JAKARTA – Goenawan Mohammad meluncurkan novel perdananya Surti + Tiga Sawunggaling. Novel tersebut dikembangkan dari naskah lakon kisah tiga burung sawunggaling yang sering keluar pada malam hari dari kain mori yang digambar Surti.
Goenawan menyebutkan alasan ia mengembangkan naskah lakon Surti + Tiga Sawunggaling menjadi novel, lantaran ia ingin bereksperimen membuat karya dalam bentuk baru.
“Saya belum pernah membuat novel. Jadi mau mencoba karena bahannya sudah ada,” ujar Goenawan saat ditemui, Kamis (13/9/2018).
Goenawan Mohamad mengembangkan naskah lakon Surti + Tiga Sawunggaling dalam waktu empat bulan.
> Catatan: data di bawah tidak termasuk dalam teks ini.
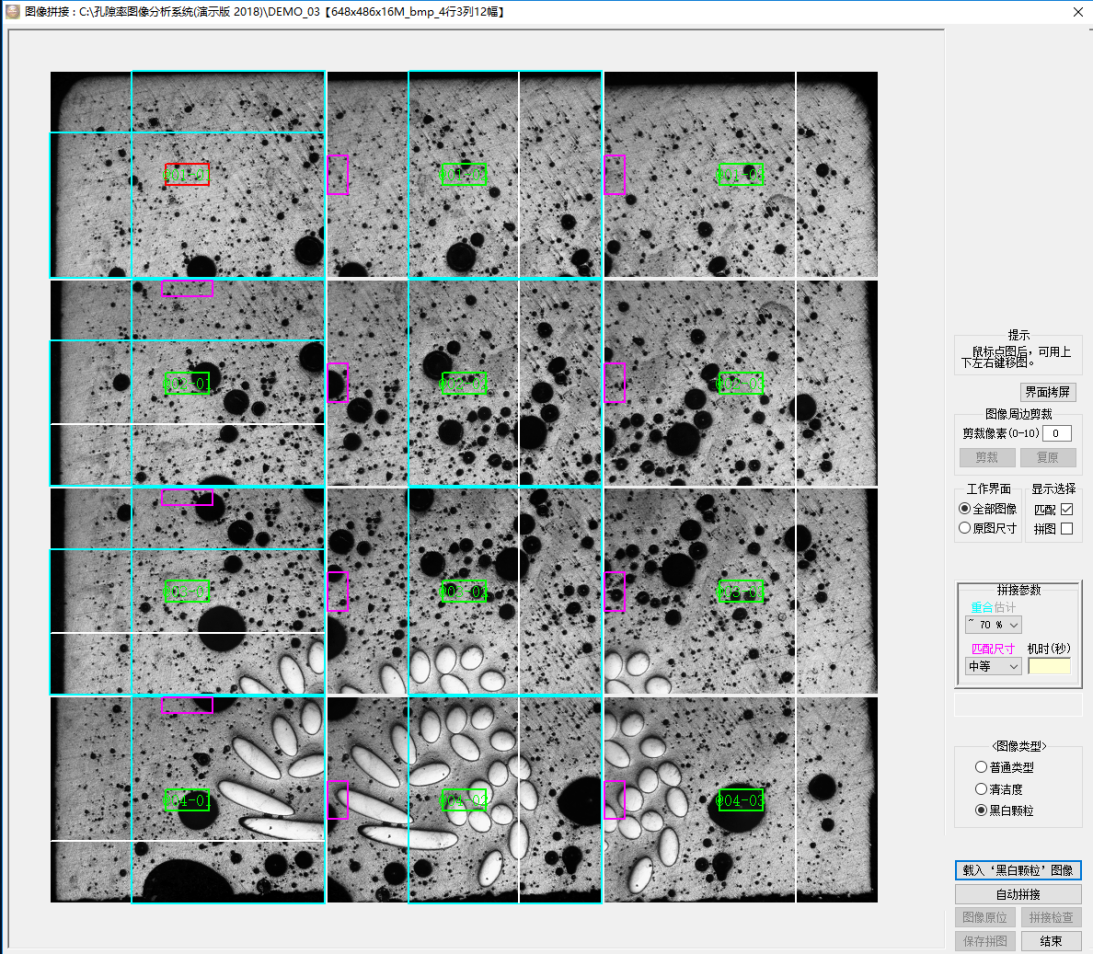 l 圖像拚接功能:對於需要檢測更大視(shì)場要求的客戶,軟件中提供了(le)圖像拚(pīn)接功能,用戶(hù)可以通過移動顯微(wēi)鏡X-Y平台方向(xiàng),來實現更(gèng)大視場圖像拍攝的需求,解決了顯微鏡視野範圍不足(zú)所造成的無法拍攝圖片的尷尬。設置好拚接參數和圖像類型,點(diǎn)擊自動拚接,自動完成圖像拚接

Dalam kurun tersebut ia melengkapi nakah dengan melakukan serangkaian proses riset.
“Naskah Surti ini dirombak lagi. Dalam naskah lakon tak ada kota jadi saya melakukan surve tempat,” tuturnya.
Degayu menjadi salah satu lokasi yang dimaksud Goenawan. Daerah di kawasan Pekalongan Utara ini menjadi latar tempat Surti, tokoh utama novel ini berada. Berikut dengan peristiwa di era kemerdekaan. Goenawan Mohamad merasa cukup tertolong saat memerlukan deskripsi soal kawasan pantai utara Jawa, “Saya lahir di sana,” ujarnya.
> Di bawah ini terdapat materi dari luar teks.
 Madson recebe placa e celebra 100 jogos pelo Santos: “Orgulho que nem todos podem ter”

Menulis novel lanjutnya, menjadi sebuah pengalaman yang asyik. Melakukan riset, membuat deksripsi yang lebih terang, serta mengembangkan adegan yang mustahil namun masih bisa diterima dan asyik dinikmati. Meski karyanya ini sebuah produk fiksi, keberadaan unsur fantasi di dalamnya juga dilatari peristiwa nyata yang kuat.
Surti + Tiga Sawunggaling adalah kisah tentang tiga ekor burung sawunggaling yang tiap malamnya keluar dari kain yang dibatik seorang perempuan bernama, Surti. Tiga burung ini kerap membawa kisah yang senantiasa membuat Surti terhibur. Burung-burung ini kerap membawakan cerita tentang Jen, seorang komandan gerilya, aktivis pergerakan yang mati dibunuh tentara Belanda.